1 Introduction

Primary malignant brain tumors are among the most dreadful types of cancer, not only because of the dismal prognosis, but also due to the direct consequences on decreased cognitive function and poor quality of life. The most frequent primary brain tumors in adults are primary central nervous system lymphomas and gliomas, which the latter account for almost 80% of malignant cases [1]. The term glioma encompasses many subtypes of the primary brain tumor, which range from slower-growing ‘low-grade’ tumors to heterogeneous, highly infiltrative malignant tumors. Despite significant advances in imaging, radiotherapy, chemotherapy and surgical procedure, certain cases of malignant brain tumors, e.g., high-grade glioblastoma and metastasis, are still considered untreatable with a 2.5-year cumulative relative survival rate of 8% and 2% at 10 years [2]. Moreover, there are variable prognosis results for patients with low-grade gliomas (LGG) with an overall 10-year survival rate about 57% [3].

Previous studies have demonstrated that the magnetic resonance imaging (MRI) characteristics of newly identified brain tumors can be used to indicate the likely diagnosis and treatment strategy [4,5,6]. In addition, multimodal MRI protocols are normally used to evaluate brain tumor cellularity, vascularity, and blood-brain barrier (BBB) integrity. This is because different image contrasts produced by multimodal MRI protocols can provide crucial complementary information. Typical brain tumor MRI protocols, which are used routinely, include T1-weighted, T2-weighted (including Fluid-Attenuated Inversion Recovery, i.e., FLAIR), and gadolinium enhanced T1-weighted imaging sequences. These structuralMRI images yield a valuable diagnosis in the majority of cases [7].

Image segmentation is a critical step for the MRI images to be used in brain tumor studies: (1) the segmented brain tumor extent can eliminate confounding structures from other brain tissues and therefore provide a more accurate classification for the sub-types of brain tumors and inform the subsequent diagnosis; (2) the accurate delineation is crucial in radiotherapy or surgical planning, from which not only brain tumor extend has been outlined and surrounding healthy tissues has been excluded carefully in order to avoid injury to the sites of language, motor, and sensory function during the therapy; and (3) segmentation of longitudinal MRI scans can efficiently monitor brain tumor recurrence, growth or shrinkage. In current clinical practice, the segmentation is still relied on manual delineation by human operators. The manual segmentation is a very labor-intensive task, which normally involves slice-by-slice procedures, and the results are greatly dependent on operators’ experience and their subjective decision making. Moreover, reproducible results are difficult to achieve even by the same operator. For a multimodal, multi-institutional and longitudinal clinical trial, a fully automatic, objective and reproducible segmentation method is highly in demand.

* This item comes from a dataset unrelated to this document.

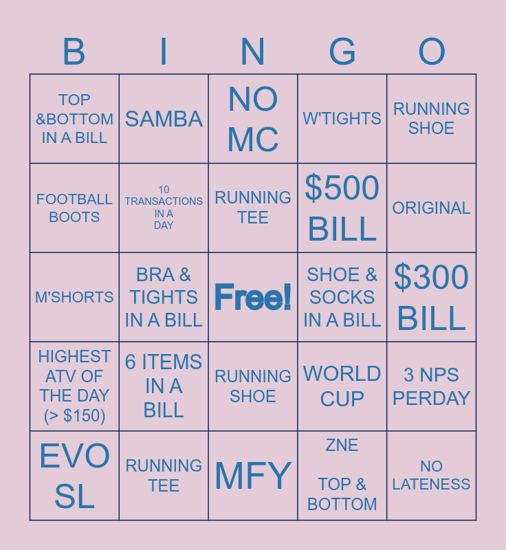 This bingo card has a free space and 24 words: EVO SL, 6 ITEMS IN A BILL, RUNNING TEE, ZNE TOP & BOTTOM, RUNNING SHOE, TOP &BOTTOM IN A BILL, SAMBA, NO MC, SHOE & SOCKS IN A BILL, $300 BILL, M'SHORTS, 10 TRANSACTIONS IN A DAY, WORLD CUP, 3 NPS PERDAY, FOOTBALL BOOTS, RUNNING TEE, MFY, W'TIGHTS, ORIGINAL, HIGHEST ATV OF THE DAY (> $150), BRA & TIGHTS IN A BILL, RUNNING SHOE, $500 BILL and NO LATENESS.
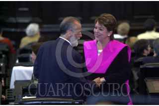 El panista Diego Fernández de Cevallos saluda a su compañera Susana Stephenson, durante la sesión ordinaria del senado. FOTO: Juan Pablo Zamora/CUARTOSCURO.COM

Despite recent developing in semi-automatic and fully automatic algorithms for brain tumor segmentation, there are still several opening challenges for this task mainly due to the high variation of brain tumors in size, shape, regularity, location and their heterogeneous appearance (e.g., contrast uptake, image uniformity and texture) [6, 8]. Other potential issues that may complicate the brain tumor segmentation include: (1) the BBB normally remains intact in LGG cases and the tumor regions are usually not contrast enhanced; therefore, the boundaries of LGG can be invisible or blurry despite FLAIR sequence may provide differentiation between normal brain and brain tumor or edema to delineate the full extent of the lesion; (2) in contrast, for high-grade gliomas (HGG) cases, the contrast agent, e.g., gadolinium, leaks across the disrupted BBB and enters extracellular space of the brain tumor causing hyper-intensity on T1-weighted images. Therefore, the necrosis and active tumor regions can be easily delineated. However, HGG usually exhibit unclear and irregular boundaries that might also involve discontinuities due to aggressive tumor infiltration. This can cause problems and result in poor tumor segmentation; (3) varies tumor sub-regions and tumor types can only be visible by considering multimodal MRI data. However, the co-registration across multiple MRI sequences can be difficult especially when these sequences are acquired in different spatial resolutions; and (4) typical clinical MRI images are normally acquired with higher in-plane resolution and much lower inter-slice resolution in order to balance between adequate image slices to cover the whole tumor volume with good quality cross-sectional views and the restricted scanning time. This can cause inadequate signal to noise ratio and asymmetrical partial volume effects may also affect the final segmentation accuracy.

Previous studies on brain tumor segmentation can be roughly categorized into unsupervised learning based [9,10,11,12] and supervised learning based [13,14,15,16,17,18] methods. A more detailed topical review on various brain tumor segmentation methods can be found elsewhere, e.g., in [6]. In addition, a dedicated annual workshop and challenge, namely Multimodal Brain Tumor Image Segmentation (BRATS), is held to benchmark different algorithms that developed for the brain tumor segmentation [19]. Here we only reviewed some most recent and closely relevant studies for this topic.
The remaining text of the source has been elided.